At least one person insisted that I must have formed my opposition to legalization of assisted suicide by being influenced somehow by religious fundamentalists.

In fact, there were two key events that shaped my views on assisted suicide – or more importantly – the agenda of the activists promoting it. (assisted suicide isn’t making progress because of some “natural” shifting of norms, but as the result of some skillfull, consistent and well-funded marketing over the past decade and more)

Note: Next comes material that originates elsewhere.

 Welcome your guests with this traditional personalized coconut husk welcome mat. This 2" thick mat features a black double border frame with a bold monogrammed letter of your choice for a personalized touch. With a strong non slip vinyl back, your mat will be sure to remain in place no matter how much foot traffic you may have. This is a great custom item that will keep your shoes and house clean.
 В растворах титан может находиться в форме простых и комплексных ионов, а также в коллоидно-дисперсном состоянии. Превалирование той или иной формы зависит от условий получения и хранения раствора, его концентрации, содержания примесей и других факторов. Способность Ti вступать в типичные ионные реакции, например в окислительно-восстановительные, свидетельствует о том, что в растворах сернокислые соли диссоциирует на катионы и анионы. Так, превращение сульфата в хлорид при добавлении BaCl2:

The first event was reading an article about Kevorkian in a disability magazine that had unbelievable claims about the people he “helped” being nonterminal and how motivated he was by live human experimentation.  Then I found Kevorkian’s book in an overstock bin, bought it, read it and found out that the article I read just skimmed the surface of how grotesque Kevorkian’s ambitions were.  Don’t take my word for it.  Please buy his book, especially since he’s no longer alive to collect royalties.  Get it from a library.  Read the damn thing.

The second event involved a notorious case in Canada, in which Robert Latimer confessed to having killed his 12-year-old daughter, Tracy, by gassing her in the cab of his truck.  After the medical examiner determined that Tracy’s death occurred through asphyxiation and confronted Latimer, Latimer confessed but said he did it out of “mercy.”  What struck me as very weird at the time was that the “right to die” organizations in Canada (who claimed they were after legalized assisted suicide for terminally ill people who were legally competent to ask for death basically adopted Robert Latimer as a poster child.

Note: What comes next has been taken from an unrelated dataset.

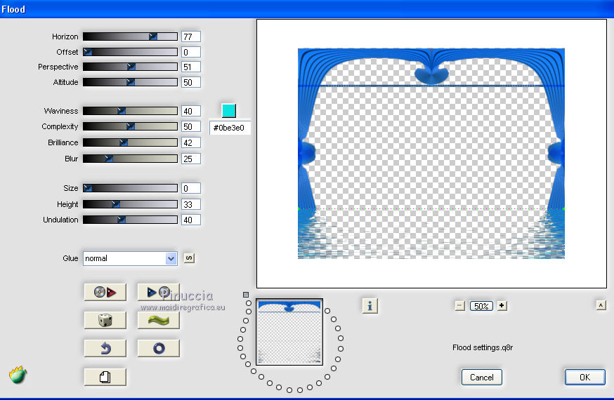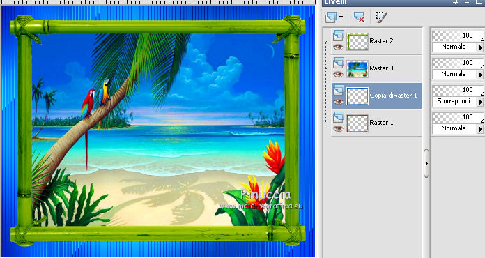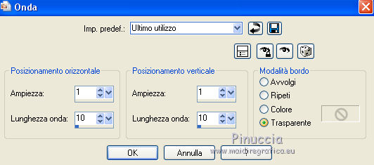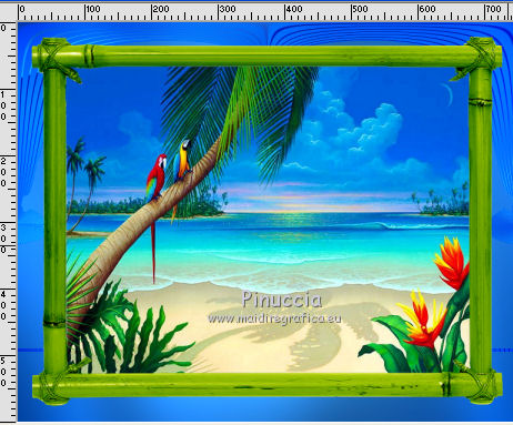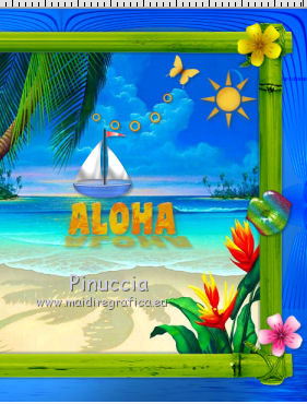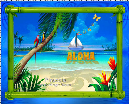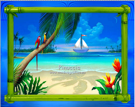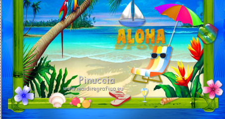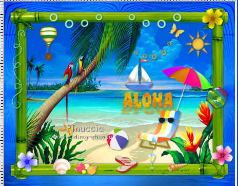 qui puoi trovare qualche risposta ai tuoi dubbi. Se l'argomento che ti interessa non è presente, ti prego di segnalarmelo. Questo tutorial è una creazione di ©Titoune e non può essere copiato su altri siti nè essere offerto per il download. Lo stesso vale per la mia traduzione. Il tutorial è stato creato con PSP X5, ma può essere eseguito anche con le altre versioni di PSP. Secondo la versione utilizzata (anteriore a PSP X) potresti ottenere dei risultati differenti. Dalla versione X4, il comando Immagine>Rifletti è stato sostituito con Immagine>Capovolgi in orizzontale, e il comando Immagine>Capovolgi con Immagine>Capovolgi in verticale. Nelle versioni X5 e X6, le funzioni sono state migliorate rendendo disponibile il menu Oggetti. Vedi la scheda sull'argomento qui Per tradure il tutorial ho usato PSP X. Occorrente: Un tube a scelta. Il resto del materiale qui Filtri in caso di dubbi, ricorda di consultare la mia sezione filtri qui Filters Unlimited 2.0 qui Graphics Plus - Cross Shadow qui Tramages - Tow the line qui Flaming Pear - Flexify 2 qui Flaming Pear - Flood qui I filtri Tramages e Graphics Plus si possono usare da soli o importati in Filters Unlimited (come fare vedi qui) Se un filtro fornito appare con questa icona ![]() 1. Imposta il colore di primo piano con #65cbf7, e il colore di sfondo con #015de2. Passa il colore di primo piano a Gradiente di primo piano/sfondo, stile Sprazzo di luce. ![]() 2. Apri una nuova immagine trasparente 750 x 600 pixels. Apri l'elemento Frame e vai a Modifica>Copia. Torna al tuo lavoro e vai a Modifica>Incolla come nuovo livello. Non spostarlo. 3. Apri l'immagine lonely_beach-1486058. Immagine>Ridimensiona - 636 x 482 pixels, mantieni proporzioni non selezionato. ![]() Modifica>Copia. Torna al tuo lavoro e vai a Modifica>Incolla come nuovo livello. Immagine>Rifletti. Porta questo livello sotto il livello della cornice. 4. Attiva nuovamente il livello della cornice. Attiva lo strumento Bacchetta magica ![]() e clicca all'esterno della cornice ![]() Selezione>Modifica>Espandi - 5 pixels. 5. Attiva il livello inferiore. Riempi con il gradiente.Selezione>Deseleziona. 6. Effetti>Plugins>Graphics Plus - Cross Shadow. ![]() Livelli>Duplica. Effetti>Plugins>Tramages - Tow the line, con i settaggi standard. ![]() Cambia la modalità di miscelatura di questo livello in Sovrapponi. ![]() 7. Effetti>Plugins>Flaming Pear - Flexify 2. ![]() Sposta l'immagine in alto.se stai usando CorelX15 o CorelX16: Oggetti>Alline>Superiore ![]() Livelli>Duplica. Immagine>Capovolgi. Livelli>Unisci>Unisci giù. Immagine>Rifletti. 8. Effetti>Effetti di riflesso>Specchio rotante. ![]() 9. Effetti>Plugins>Flaming pear - Flood. ![]() 10. Attiva il livello della cornice. Effetti>Effetti 3D>Sfalsa ombra, colore #062d38. ![]() Ripeti l'Effetto Sfalsa ombra, cambiando verticale e orizzontale con -3. 11. Apri l'elemento élément 2, e vai a Modifica>Copia. Torna al tuo lavoro e vai a Modifica>Incolla come nuovo livello. Spostalo sulla linea dell'orizzonte.![]() Effetti>Effetti 3D>Sfalsa ombra #062d38. ![]() 12. Apri l'elemento élément 44, e vai a Modifica>Copia. Torna al tuo lavoro e vai a Modifica>Incolla come nuovo livello. Spostalo nella cornice, in alto.Vedi l'esempio finale. Effetti>Effetti 3D>Sfalsa ombra, con i settaggi precedenti. 13. Apri l'elemento élément 6, e vai a Modifica>Copia. Torna al tuo lavoro e vai a Modifica>Incolla come nuovo livello. Spostalo nel paesaggio, in alto a destra.![]() Effetti>Effetti 3D>Sfalsa ombra, con i settaggi precedenti. 14. Apri l'elemento élément 19, e vai a Modifica>Copia. Torna al tuo lavoro e vai a Modifica>Incolla come nuovo livello. Sposta anche questo elemento nel paesaggio, in alto a destra.Vedi l'esempio finale. Effetti>Effetti 3D>Sfalsa ombra, con i settaggi precedenti. 15. Apri l'elemento élément 9, e vai a Modifica>Copia. Torna al tuo lavoro e vai a Modifica>Incolla come nuovo livello. Spostalo sulla cornice in alto a destra.Vedi l'esempio finale. Effetti>Effetti 3D>Sfalsa ombra, con i settaggi precedenti. 16. Apri l'elemento élément 53, e vai a Modifica>Copia. Torna al tuo lavoro e vai a Modifica>Incolla come nuovo livello. Spostalo sulla cornice a destra, sotto l'elemento precedente.Vedi l'esempio finale. Effetti>Effetti 3D>Sfalsa ombra, con i settaggi precedenti. 17. Apri l'elemento élément 8, e vai a Modifica>Copia. Torna al tuo lavoro e vai a Modifica>Incolla come nuovo livello. Spostalo sulla cornice, in basso a destra.![]() Effetti>Effetti 3D>Sfalsa ombra, con i settaggi precedenti. 18. Apri l'elemento élément 36, e vai a Modifica>Copia. Torna al tuo lavoro e vai a Modifica>Incolla come nuovo livello. Spostalo in basso a destra.Vedi l'esempio finale. Effetti>Effetti 3D>Sfalsa ombra, con i settaggi precedenti. 19. Apri l'elemento élément 29, e vai a Modifica>Copia. Torna al tuo lavoro e vai a Modifica>Incolla come nuovo livello. Spostalo sulla sedia.Vedi l'esempio finale. Effetti>Effetti 3D>Sfalsa ombra, con i settaggi precedenti. 20. Apri l'elemento élément 4, e vai a Modifica>Copia. Torna al tuo lavoro e vai a Modifica>Incolla come nuovo livello. Spostalo in basso a destra.Porta questo livello sotto il livello della sdraio. ![]() 21. Attiva nuovamente il livello superiore. Apri l'elemento élément 27, e vai a Modifica>Copia. Torna al tuo lavoro e vai a Modifica>Incolla come nuovo livello. Spostalo sulla cornice, in basso a destra.Vedi l'esempio finale. Effetti>Effetti 3D>Sfalsa ombra, con i settaggi precedenti. 22. Apri l'elemento élément 34, e vai a Modifica>Copia. Torna al tuo lavoro e vai a Modifica>Incolla come nuovo livello. Spostalo accanto all'elemento precedente.Vedi l'esempio finale. Effetti>Effetti 3D>Sfalsa ombra, con i settaggi precedenti. 23. Apri l'elemento élément 25, e vai a Modifica>Copia. Torna al tuo lavoro e vai a Modifica>Incolla come nuovo livello. Sposta anche questo elemento sulla cornice in basso,a sinistra dell'elemento precedente. Vedi l'esempio finale. Effetti>Effe

At one point, Latimer was sentenced to a ten year to life sentence.  The NY Times published a quote from a “right to die” leader in Canada that sent a clear signal to disability activists and advocates across North America:

Marilynne Seguin, executive director of Dying With Dignity, a Toronto-based group promoting freedom of choice for physician-assisted deaths, said that the Latimers had already lived under a sentence during the 12 years that Tracy was alive and that to add the 10-year punishment “is quite unconscionable.”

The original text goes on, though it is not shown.